JIEDDO actually blamed the delay, which was finally overcome in December, on a slow procurement process, and "the lack of battle-tested, American-made protection units," according to reporter Jeremy Schwartz for the American-Statesman, Feb. 20. Is this what $21 billion buys these days?

Yes, since one of JIEDDO responsibilities is to "rapidly provide counter-IED capabilities in support of combatant commanders through rapid acquisition," it would seem it failed miserably on this score.

A year before, despite then-Gen. David Petraeus’s efforts to put lipstick on a pig, we detailed the 120 percent increase of amputations among wounded soldiers from 2009 to 2010, and the 40 percent increase of IED fatalities year over year.

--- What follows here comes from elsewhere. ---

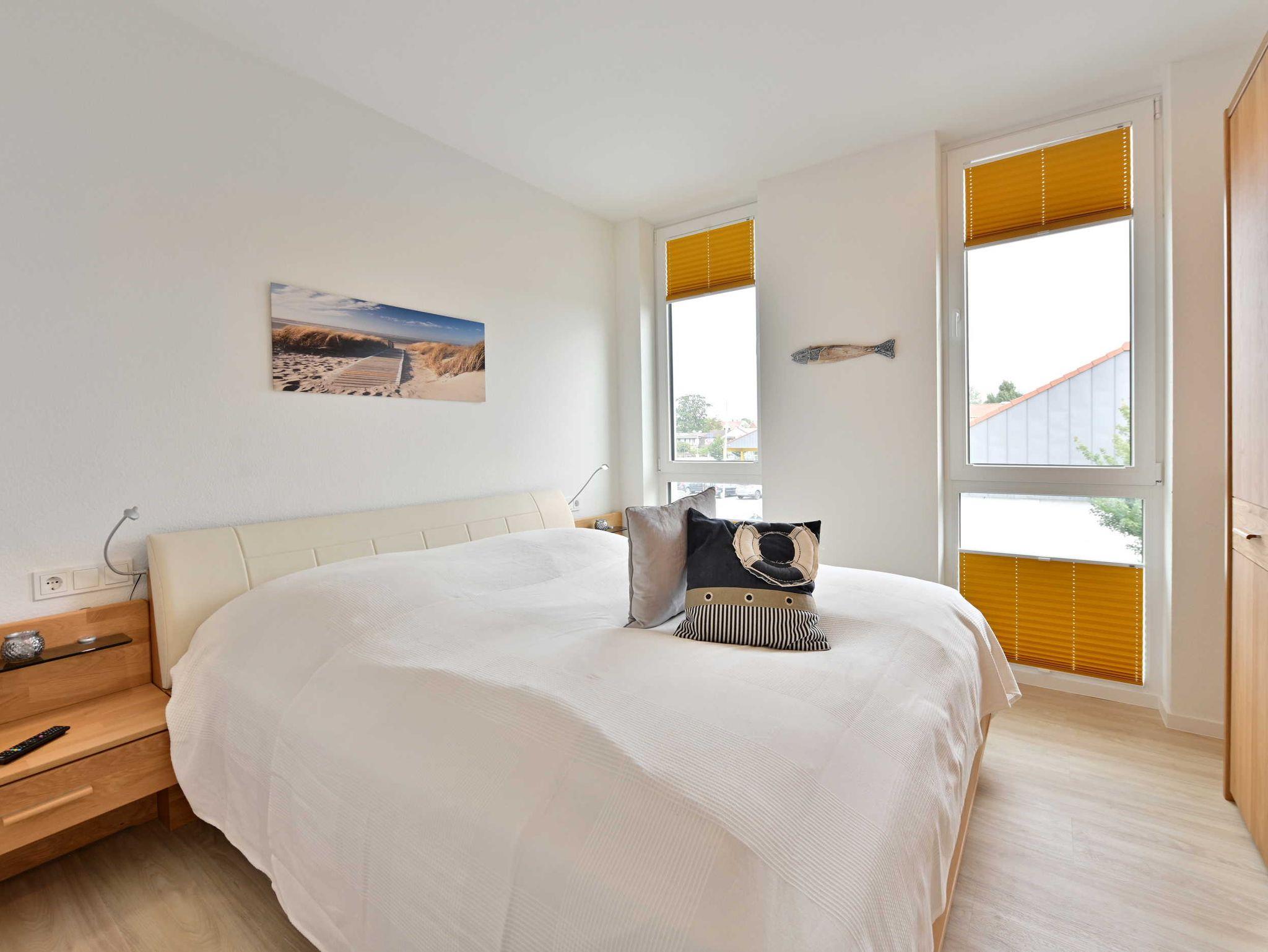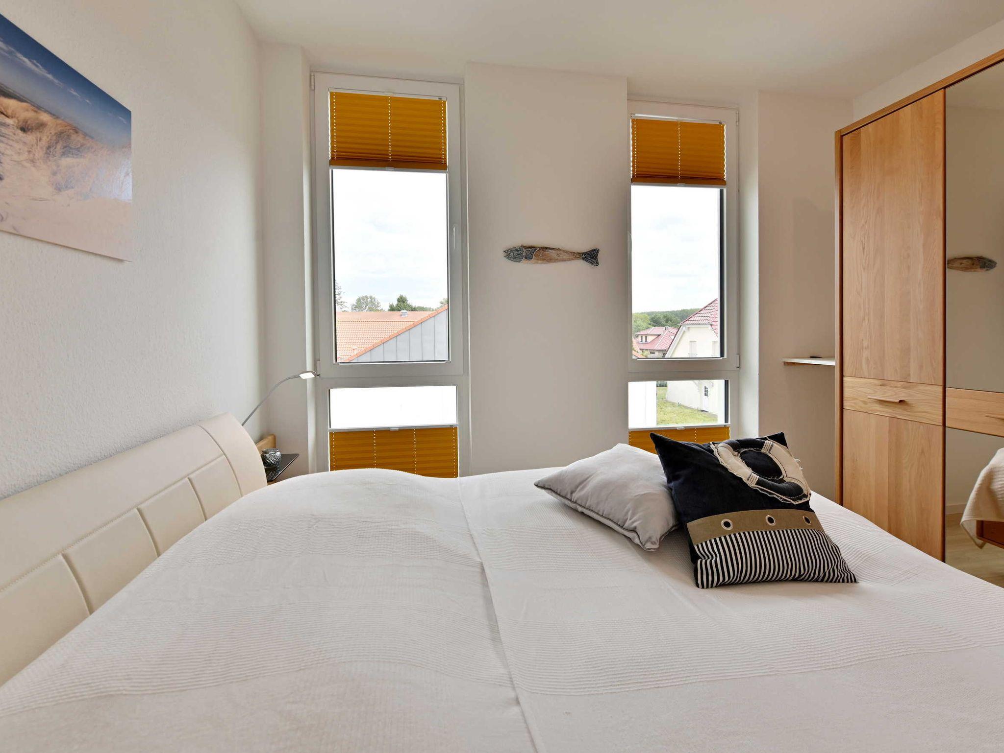 Das Domizil verfügt über ein Schlafzimmer mit einem großen Doppelbett, einen großzügigen Wohnraum mit Schlafcouch (110x200cm) und integrierter Küche, angeschlossenem Balkon sowie ein Badezimmer mit ebenerdiger Dusche.

Yet Petraeus was telling reporters in September 2010 that Taliban use of IEDs had flattened. We know now that deaths actually peaked in 2010 to 368.

Furthermore, we’ve read numerous accounts of soldiers using their own ingenuity to combat the threat. Like Army Reservist Cpl. Eric DeHart, an engineer by trade, who eventually decided to design a steel contraption that could be shoved inside any size culvert, denying what had become a useful spot for planting IEDs. It seemed to work, and his plans were sent to other units in southern Afghanistan.

Yeah, it worked so well, that the US government decided to pay Afghan contractors $32 million to start planting the "culvert denial systems" in some 2,500 locations. But a recent inspector general’s report warned that there was not enough documentation or oversight to determine whether those contractors ever followed through. In fact, the Special Inspector General for Afghanistan (SIGAR) warned late last year that a number of gratings on a major highway frequented by US troops were never installed.

"The loss of life because individuals were not doing their job is horrific and unacceptable," said SIGAR John Sopko in July.

"This case shows so clearly that fraud can kill in Afghanistan. We will find out if contracting officers did not do their job and if that proves to be true and Americans have died, we will hold those individuals accountable."

Many would say it’s too late. Somehow it is even harder to stomach JIEDDO when you see the failures in such stark relief. Wheeler blames the Congress, for believing all along that throwing money at technological gizmos would resolve the problem.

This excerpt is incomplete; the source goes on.